Ysharra lay upon the stone floor, twitching and remembering, as the toxin started to uncurl its grip from her. The raven’s voice returned to her once again, and she joined with her Munin once more, flying home. As the tundras faded, she turned back as one last image sang out, keen as the bard’s fife, that of another stone-walled room, a cave deep within one of those northern peaks. A voice, whispering out from beneath a cairn of frost-sealed rock, reminding her of what of hers it still holds in its hoary realm. The coming sun comingled with Liabo’s lurid glare, and flowed down to the cave’s bowels, and the spare heat began to crack the pile’s black, icy surface…and then, it was gone- pushed away by Munin’s emphatic crowing, echoed by another raven- Hugin…, she recognized, and with that, her breath came back, heaving and hammering.

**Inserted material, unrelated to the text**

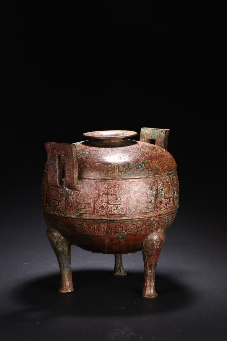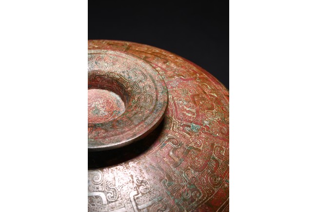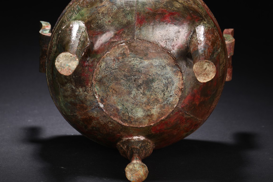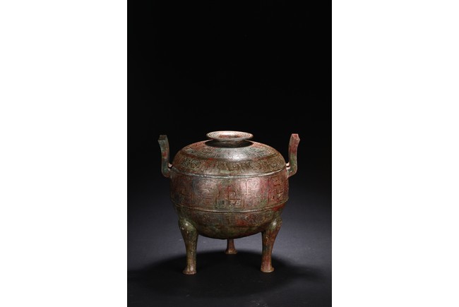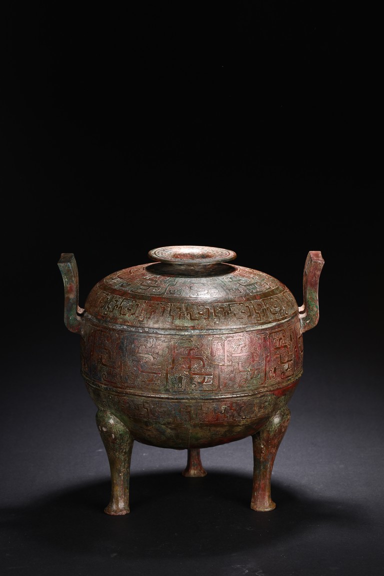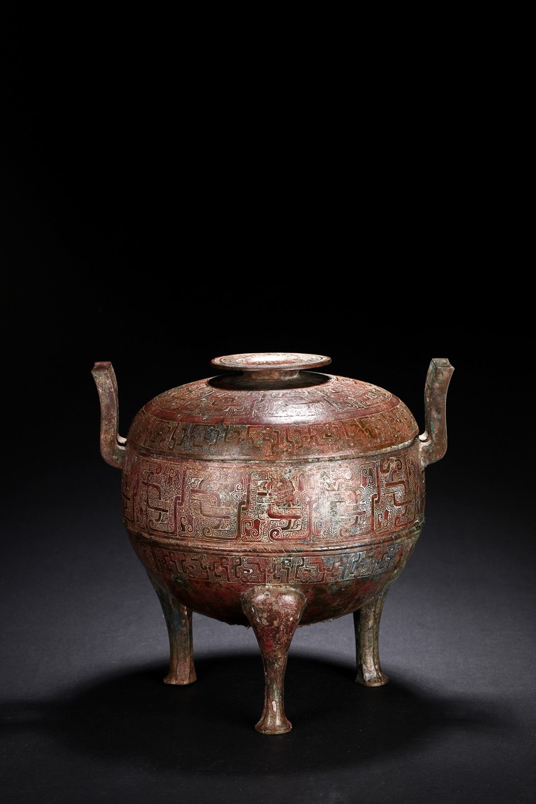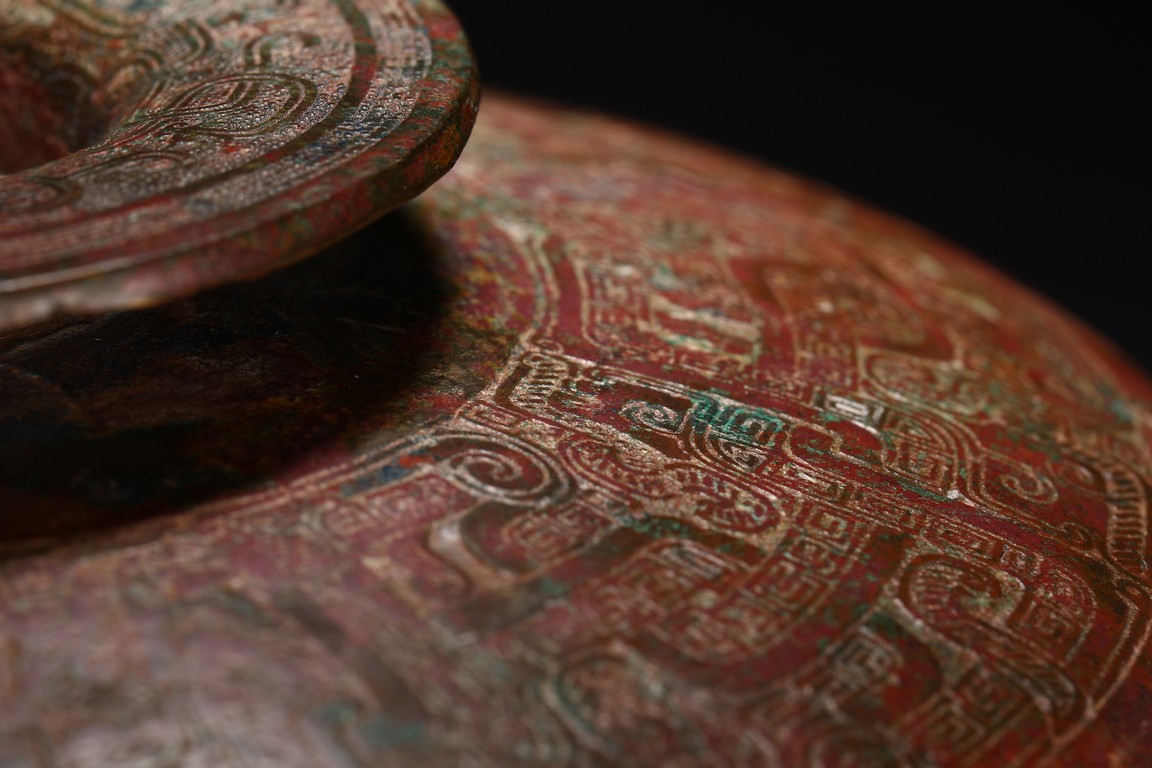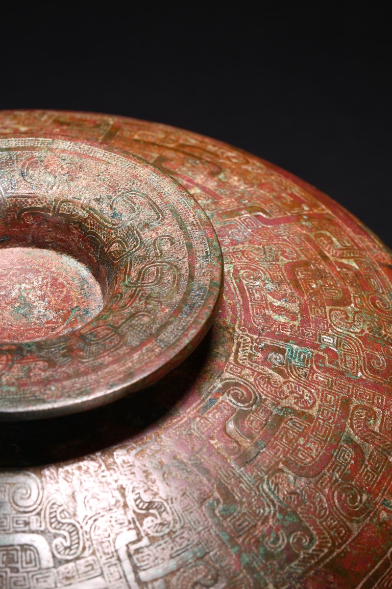 770–256 BC. Eastern Zhou Dynasty period. The globular vessel is crisply cast to the exterior with two dense bands of stylised interlocking stylized dragon scrolls filled with leiwen pattern, separated by two narrow raised bands, the body flanked by two upright handles. Two further bands of similar pattern form concentric rings on the cover, encircling the round finial decorated with intertwined pattern. The bronze has a overall reddish patina with minor malachite encrustation.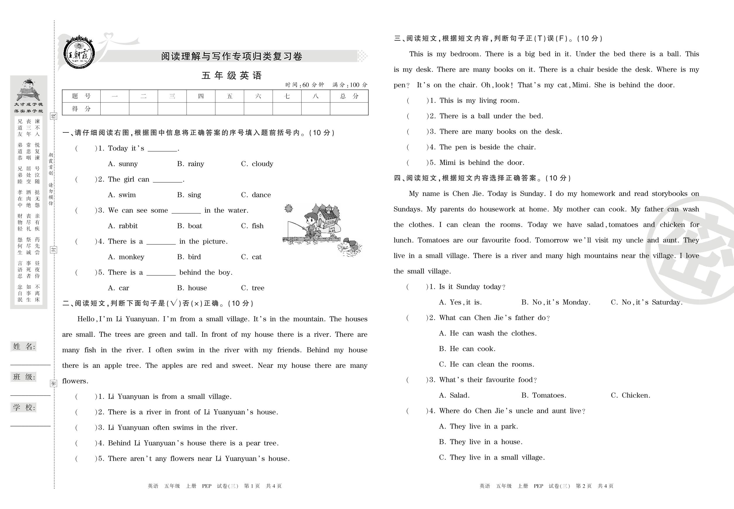 王朝霞期末专项卷五年级上册英语(PEP版)_R210807150632【3】

Sometime later, Ysharra pulled the heavy straps of her gambeson through their buckles, hooking the black mithril clasps into the pauldrons and greaves’ embrace across her tall, lithe frame. As she worked, she idly jotted down a few words in her dog-eared journal.

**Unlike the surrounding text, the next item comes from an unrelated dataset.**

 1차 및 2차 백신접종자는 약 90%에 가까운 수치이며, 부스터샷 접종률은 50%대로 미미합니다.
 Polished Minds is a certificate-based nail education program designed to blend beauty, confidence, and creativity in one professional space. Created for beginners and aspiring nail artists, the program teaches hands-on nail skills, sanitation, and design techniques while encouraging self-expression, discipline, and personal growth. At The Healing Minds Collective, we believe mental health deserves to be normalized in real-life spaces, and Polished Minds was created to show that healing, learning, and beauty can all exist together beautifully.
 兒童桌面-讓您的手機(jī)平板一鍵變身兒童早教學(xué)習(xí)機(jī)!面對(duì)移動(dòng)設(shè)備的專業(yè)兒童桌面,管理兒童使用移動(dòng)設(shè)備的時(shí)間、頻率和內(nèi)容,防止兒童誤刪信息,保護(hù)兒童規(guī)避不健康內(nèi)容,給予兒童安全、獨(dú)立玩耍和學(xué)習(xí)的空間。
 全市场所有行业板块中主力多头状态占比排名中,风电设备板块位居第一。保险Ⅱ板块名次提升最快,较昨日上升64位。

Sample #38 is as expected, from berries to root to stem, and especially flower. Must have caught a ride on an adventurer from Vornavis, though some structural differences in the lobes indicate a possible hybrid. It’s close to the Landing washer women’s laundry site, so it’ll have to be transplanted someplace safer, as the fruit has a very sweet taste. I’ll attempt to keep it alive for further study. Possibly useful for interrogation, certainly risky to have that near family homes. I have two more doses for today, though I’ll have to find a subject other than myself to be sure my findings are accurate. Need a human, methinks. I’ll go have breakfast in Erebor Square, wait for a suitably officious sort to inadvertently offer themselves up to me.

With a final yank, the armor was done, and her cloak and other carryalls followed. The last item to be retrieved was her ivory vasculum, still lying open on the mantle. Ysharra passed her long fingers across the vials, packets, and green, growing samples held close within. Each one had a label showcasing a number, some with additional symbols, and many others with question marks and future dates upon their containers.

"This is what spring blooms for me." Ysharra whispered to the dying hearth flames, buckling the case to her chatelaine. "Flowers of ash, roots of wicked discovery, the season of curious requiem."

She paused once more to gather her flask of tepid, loathsome tea and left to find Munin once more, the tender notes of a piping tune swirling about Silvergate’s halls in her wake.